At least we don't need to go searching for the seams between the ceiling tiles now!
Possibly most annoying of all: much of the water that came out at the exterior wall-ceiling seam found itself in our kitchen cupboards and proceeded to dirty all of our dishes with gross ceiling water. Having to do all of our dishes that were dirtied by something other than tasty food... not cool. After making life annoying, that water then dripped onto the countertop oven. We haven't used it to cook anything yet but a quick test suggests it was undamaged. Which brings me to an important point. We are lucky. Perhaps not the thought you had in mind, but there are so many reasons we're lucky that the damage wasn't worst / more annoying:
  • We were out of the house for less than an hour. We have no idea how long it was between the pipe bursting and our standing under the window sill and gaping open mouthed at the dripping water... but it could have been worst. We had actually bounced around the idea of going out for supper while doing errands. Let's not imagine what kind of damage there might have been if we had stayed out an extra hour.
  • We haven't painted the basement bathroom yet. Hooray for dilly-dallying and procrastination! It would be much more annoying if we had freshly painted walls now stained or peeling.
  • The rack of "dry flat" shirts sitting in front of the dryer didn't require another wash and several days of drying time. Good... because the laundry machines are busy washing the piles of towels we used last night :)
  • The plaster ceilings in the dining and living rooms aren't damaged. Lucky considering this peeling paint is in the kitchen just on the other side of the dining room wall:
Crown moulding in the kitchen bears the brunt of the water damage, keeping the dining room plaster looking spic and span.

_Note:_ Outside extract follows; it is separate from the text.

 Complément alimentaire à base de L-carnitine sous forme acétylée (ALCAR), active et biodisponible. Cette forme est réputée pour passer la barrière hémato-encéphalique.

  • Plaster damage was likely prevented by the light fixture hole acting as an attractive outlet for the water that did end up above the dining room. And, once again, how lucky that my laptop was sitting a foot away rather than directly beneath the light fixture. There were a few drops that splashed on the keyboard/screen but nothing deadly.
  • We live in a to-be construction zone. This is probably the most important point. The kitchen, which suffered the worst, is set to be gutted anyways. If we had a brand new kitchen or even a not-brand-new-but-perfectly-dandy kitchen, the tone of this post would likely be much grumpier.

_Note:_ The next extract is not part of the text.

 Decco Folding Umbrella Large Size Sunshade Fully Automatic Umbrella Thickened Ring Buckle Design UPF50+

Thankfully, you are not reading that grumpy post. As for fixing the problem, it was a simple matter of buying another couple of these pipe connectors and replacing the old ones. The cold water one hadn't burst but we weren't taking any chances.

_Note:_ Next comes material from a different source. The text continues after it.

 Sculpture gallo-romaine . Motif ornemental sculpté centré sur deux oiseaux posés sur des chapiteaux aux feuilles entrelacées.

"No-burst"? I beg to differ.
The labels are stamped August 2000 so these babies were put in less than 13 years ago. I suppose that's decent performance for a part costing less than $5 that's used many times in a single day. Let this be a warning to anyone with these flexible, braided hoses under their sinks (manufacturer warranty lasts 5 years). All in all, we survived our first home disaster and lived to tell the tale. And I think I'll end the tale at that... there's a big pile of dishes waiting to be done.